Frequentist uncertainty vs. Bayesian uncertainty analysis#
Mark Bakker, TU Delft & Raoul Collenteur, Hydroconsult, February, 2025 (last updated May 2026)
In this notebook, the fit and uncertainty are compared for Pastas models solved with least squares (frequentist uncertainty) and with MCMC (Bayesian uncertainty). Besides Pastas the following Python Packages have to be installed to run this notebook:
import corner
import emcee
import matplotlib.pyplot as plt
import numpy as np
import pandas as pd
import pastas as ps
ps.set_log_level("ERROR")
ps.show_versions()
1. A ‘regular’ Pastas Model#
The first step is to create a Pastas Model with a linear RechargeModel and a Gamma response function to simulate the effect of precipitation and evaporation on the heads. The AR1 noise model is used. We first estimate the model parameters using the standard least-squares approach.
head = pd.read_csv(
"data/B32C0639001.csv", parse_dates=["date"], index_col="date"
).squeeze()
head = head["1990":] # use data from 1990 on for this example
evap = pd.read_csv("data/evap_260.csv", index_col=0, parse_dates=[0]).squeeze()
rain = pd.read_csv("data/rain_260.csv", index_col=0, parse_dates=[0]).squeeze()
ml1 = ps.Model(head)
ml1.add_noisemodel(ps.ArNoiseModel())
rm = ps.RechargeModel(
rain, evap, recharge=ps.rch.Linear(), rfunc=ps.Gamma(), name="rch"
)
ml1.add_stressmodel(rm)
ml1.solve()
ax = ml1.plots.results(figsize=(8, 4))
The diagnostics show that the noise meets the statistical requirements for uncertainty analysis reasonably well.
ml1.plots.diagnostics();
ml1.parameters
The estimated least squares parameters and standard errors are stored for later reference
ls_params = ml1.parameters[["optimal", "stderr"]].copy()
ls_params.rename(columns={"optimal": "ls_opt", "stderr": "ls_sig"}, inplace=True)
ls_params
# Compute prediction interval Pastas
pi = ml1.solver.prediction_interval(n=1000)
ax = ml1.plot(figsize=(10, 3))
ax.fill_between(pi.index, pi.iloc[:, 0], pi.iloc[:, 1], color="lightgray")

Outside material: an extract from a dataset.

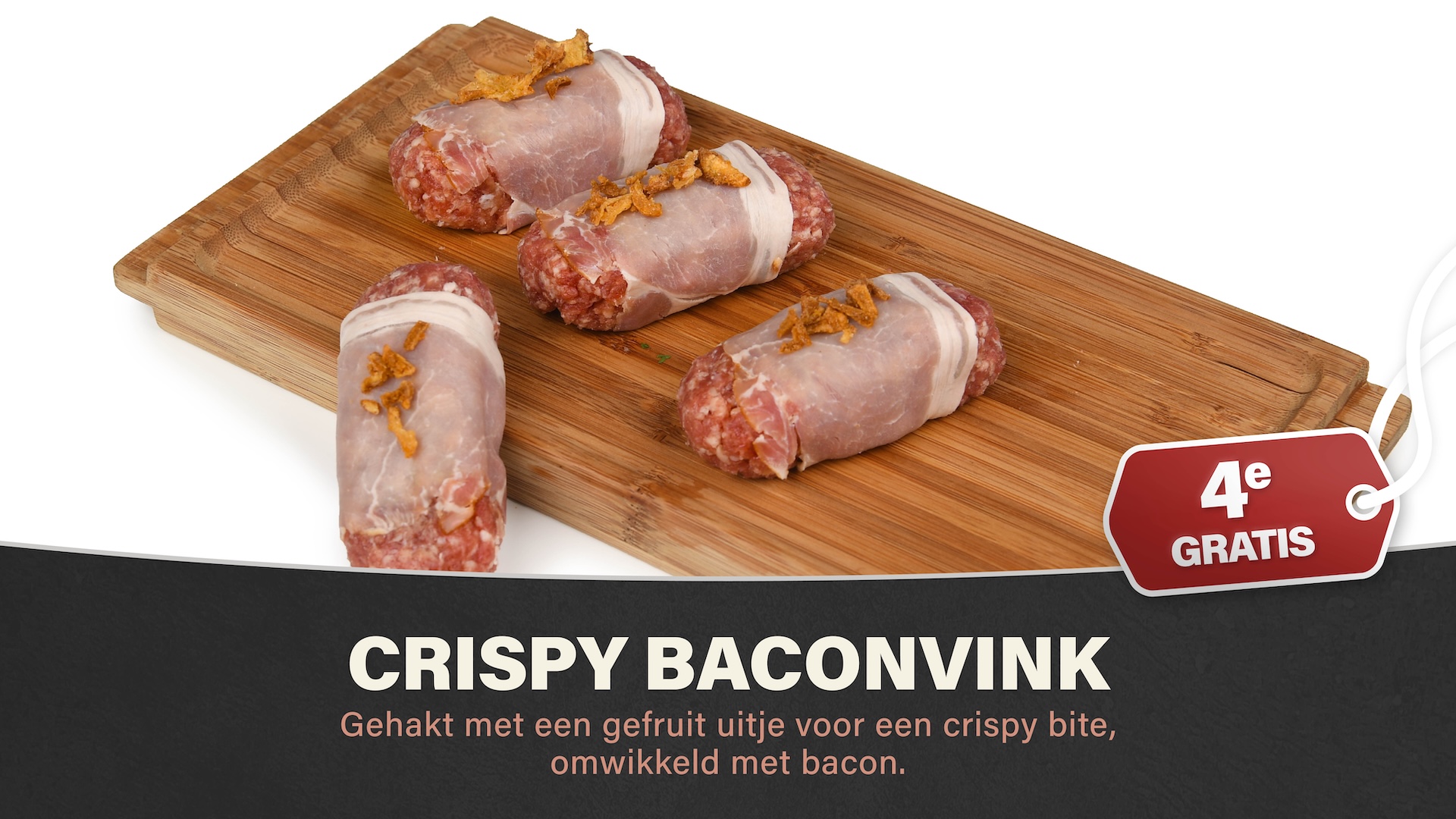 Gehakt met een gefruit uitje voor een crispy bite, omwikkels met spek.

ax.legend(["Observations", "Simulation", "95% Prediction interval"], ncol=3, loc=2)
pi_pasta = np.mean(pi[0.975] - pi[0.025])

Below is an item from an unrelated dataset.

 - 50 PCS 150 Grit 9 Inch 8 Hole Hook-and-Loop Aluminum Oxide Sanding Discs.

print(f"Mean prediction interval width: {pi_pasta:.3f} m")
print(f"Prediction interval coverage probability: {ps.stats.picp(head, pi): .3f}")
2. Use the EmceeSolver#
We will now use MCMC to estimate the model parameters and their uncertainties. The EmceeSolve solver wraps the Emcee package, which implements different versions of MCMC. A good understanding of Emcee helps when using this solver, so it comes recommended to check out their documentation as well.
We start by making a pastas model with a linear recharge model and a Gamma response function. No noise model is added, as this is taken care of in the likelihood function. The model is solved using the regular solve (least squares) to have a good estimate of the starting values of the parameters.
ml2 = ps.Model(head)
rm = ps.RechargeModel(
rain, evap, recharge=ps.rch.Linear(), rfunc=ps.Gamma(), name="rch"
)
ml2.add_stressmodel(rm)
ml2.parameters
To set up the EmceeSolve solver, a number of decisions need to be made:
Select a (log) likelihood function
Select the priors of the parameters
Select the number of steps and thinning
2a. Create the solver instance#
The next step is to create an instance of the EmceeSolve solver class. At this stage all the settings need to be provided on how the Ensemble Sampler is created (https://emcee.readthedocs.io/en/stable/user/sampler/). Important settings are the nwalkers, the moves, the objfunction. More advanced options are to parallelize the MCMC algorithm (parallel=True), and to set a backend to store the results. Here’s an example:
# Choose the objective function
ln_prob = ps.likelihood.GaussianLikelihoodAr1()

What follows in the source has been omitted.